§ Input records:
____

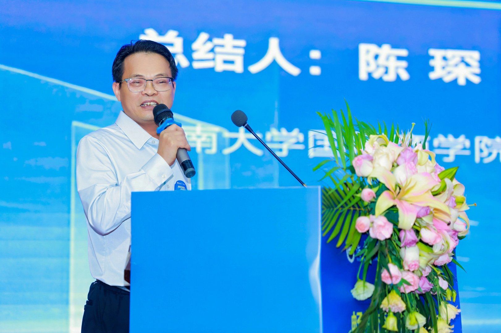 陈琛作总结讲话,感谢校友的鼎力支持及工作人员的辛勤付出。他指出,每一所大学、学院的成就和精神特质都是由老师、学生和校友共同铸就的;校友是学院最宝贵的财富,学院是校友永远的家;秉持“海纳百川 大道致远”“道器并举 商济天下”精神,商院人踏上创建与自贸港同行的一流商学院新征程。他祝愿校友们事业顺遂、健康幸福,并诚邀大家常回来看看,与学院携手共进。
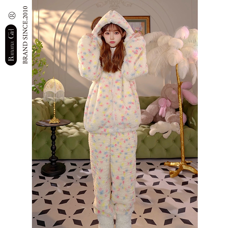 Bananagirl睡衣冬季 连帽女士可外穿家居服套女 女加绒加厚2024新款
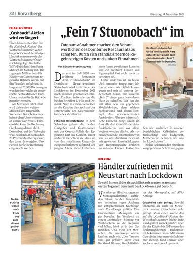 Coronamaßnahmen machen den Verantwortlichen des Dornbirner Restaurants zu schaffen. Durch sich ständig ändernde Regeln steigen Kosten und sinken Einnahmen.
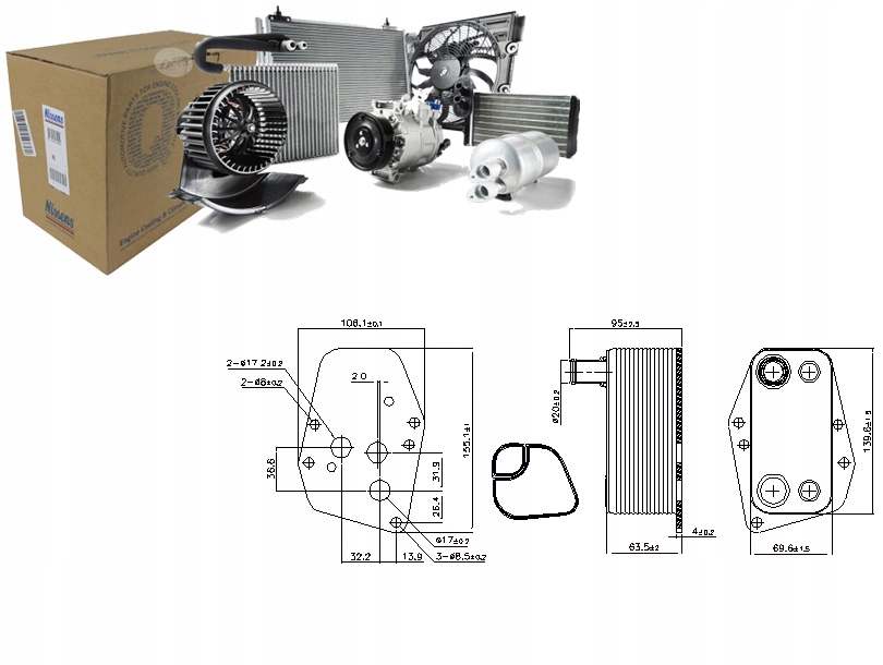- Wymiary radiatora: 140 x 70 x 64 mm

____

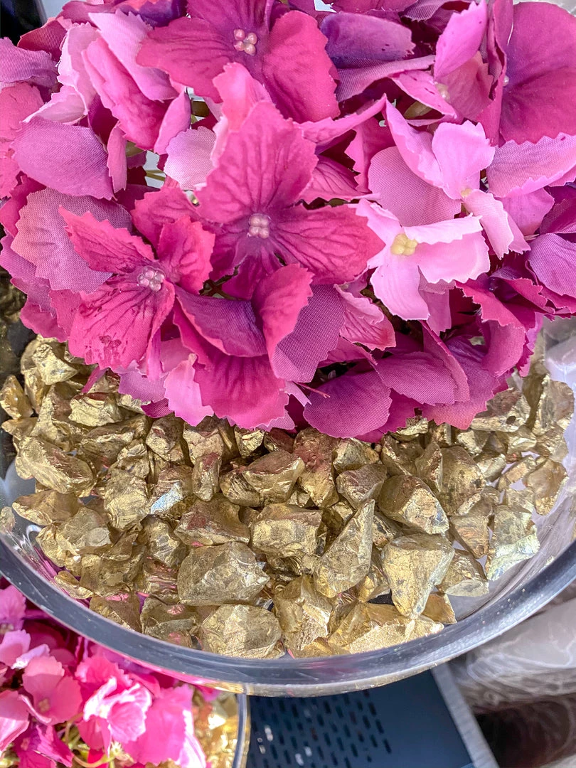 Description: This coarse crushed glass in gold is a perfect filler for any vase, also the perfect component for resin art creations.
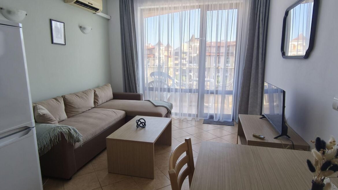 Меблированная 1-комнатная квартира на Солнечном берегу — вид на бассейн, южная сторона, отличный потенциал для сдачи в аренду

____

Whatever pictures the records hold, omit them; give again exactly the lines from the one containing "Coronamaßnahmen machen den" through the one containing "- Wymiary radiatora: 140 x 70 x 64 mm".

§ Written solution:
 Coronamaßnahmen machen den Verantwortlichen des Dornbirner Restaurants zu schaffen. Durch sich ständig ändernde Regeln steigen Kosten und sinken Einnahmen.
- Wymiary radiatora: 140 x 70 x 64 mm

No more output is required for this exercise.